Tim Cook vs Steve Jobs: Andreessen Explains How They Differ

16 December 2012, 12:50 pm EST By Alexandra Burlacu Mobile & Apps

Renowned Silicon Valley venture capitalist Marc Andreessen sees one major difference between Steve Jobs and Tim Cook: their desire for market share.

While many feared that Apple's fate will go down the drain without its iconic CEO and co-founder Steve Jobs, current chief executive Tim Cook has put up his own fight to prove them wrong.

Speaking at an event in New York City, Andreessen explained how different the two Apple CEOs are, and how each has his strengths.

"The Apple playbook under Steve Jobs was a single playbook," said Andreessen. "He would invent a new product category, start with 100% market share, and then every day that goes by, lose market share until some terminal outcome."

To illustrate this theory, Andreessen pointed to the Macintosh computer, the iPhone, the iPod, and the iPad. According to him, the Cupertino giant may own a large chunk of a respective market soon after a product launch, but other companies tent to join the game and bite into its market share. In some cases, such as the iPod, Apple can still remain the biggest vendor. In other cases such as the PC market, however, the company's market share dropped to an inconsequential figure.
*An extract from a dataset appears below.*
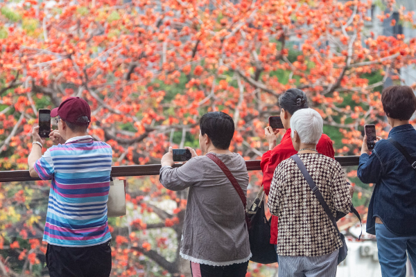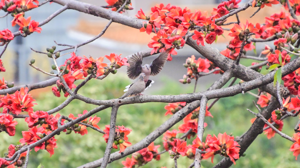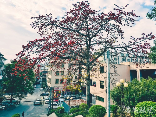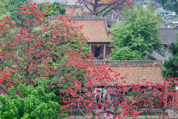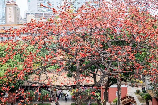 在毛泽东同志主办农民运动讲习所旧址纪念馆,木棉花正迎风怒放,火红花朵与青砖灰瓦、古朴屋脊交相辉映,尽显岭南古韵,吸引不少市民、游客用镜头定格繁花与古建相融的美景。

Andreessen claims that instead of caring about market share, Jobs focused on a "pricing umbrella" that kept the company's margins stable even as market share started to slide. Cook took over the reins at Apple last year and followed a seemingly different strategy, Andreessen explained.

The venture capitalist pointed to the new iPad Mini, which reportedly brings smaller margins than its full-size counterpart, as proof that Cook is willing to sacrifice big margins for market share. According to him, Cook adopted a different strategy for the sake of software.

"In the long run in these markets, if you're not the majority market share, you don't have the majority of the apps," said Andreessen, noting that the fewer apps available for OS X posed challenges for the platform over the years in its race against Windows.

Should this theory prove to be true, Apple may be headed to a bumpy ride in the smartphone market. According to research firm IDC, 75 percent of all smartphones shipped worldwide in the third quarter ran on Google's Android operating system. Android owned 57.5 percent of that market last year.